Ainda segundo a publicação do Mapa, a empresa possui diversas falhas e lacunas em seus sistemas de controle e gestão internos, apresentando informações incompletas nos relatórios de produção e controles de rastreabilidade ineficientes.

Fora do mercado
Em janeiro, como medida cautelar, o Ministério da Agricultura realizou o fechamento da cervejaria da Backer. Ainda adotou, junto aos demais órgãos, medidas imediatas para interromper a produção e a comercialização dos produtos contaminados.

No total, foram apreendidos nas dependências do estabelecimento e no comércio de Minas Gerais 79.481,34 litros de cerveja, de várias marcas e diversos lotes com presença dos contaminantes, sendo 56.659 garrafas com riscos aos consumidores.

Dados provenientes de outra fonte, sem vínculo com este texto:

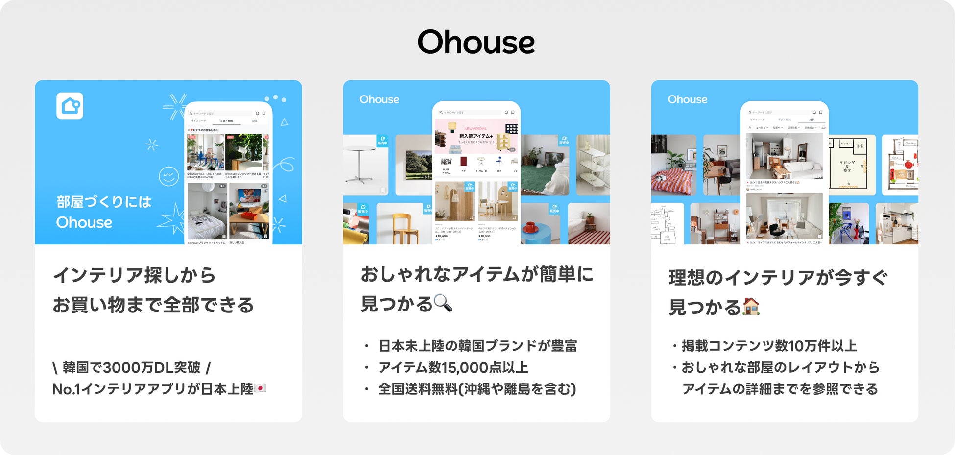 「오늘의집(オヌレチプ)」の日本版サービス「Ohouse(オーハウス)」は2022年にローンチし、直後に50万ダウンロードを達成。450%以上の成長を遂げ、2024年10月にEコマースをスタート。現在は取り扱い商品数10,000点以上と、韓国のインテリアブランドのECサイトとして最大級の規模で提供しております。
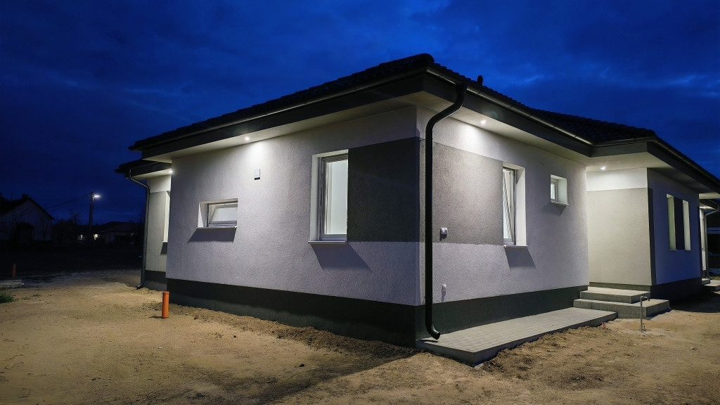 Kecskeméten 2026 tavaszán elkészült ikerház bal oldala, 93 nm-es, amerikai konyha nappali + 3 szobával, saját 375 nm-es telekkel eladó.

No Espírito Santo, por sua vez, os resultados das análises indicaram 9.047 garrafas de cerveja contaminadas retiradas dos mercados, totalizando 5.428,2 litros.

Os procedimentos para apuração de responsabilidades na esfera administrativa já foram iniciados e seguem os ritos processuais legalmente previstos.

Inquérito
O inquérito da Polícia Civil, concluído em junho, contabilizou 29 vítimas intoxicadas desde setembro de 2019, quando os casos começaram a acontecer, mesmo mês em que um novo tanque foi comprado pela Backer e instalado na fábrica.

Os sócios da empresa foram acusados por estocar, vender e não dar publicidade a um produto contaminado, enquanto seis responsáveis técnicos e o chefe de manutenção da cervejaria foram denunciados por homicídio culposo, lesão corporal culposa e contaminação de produto alimentício culposo. Em julho, mais duas mortes elevaram o número de vítimas fatais para dez.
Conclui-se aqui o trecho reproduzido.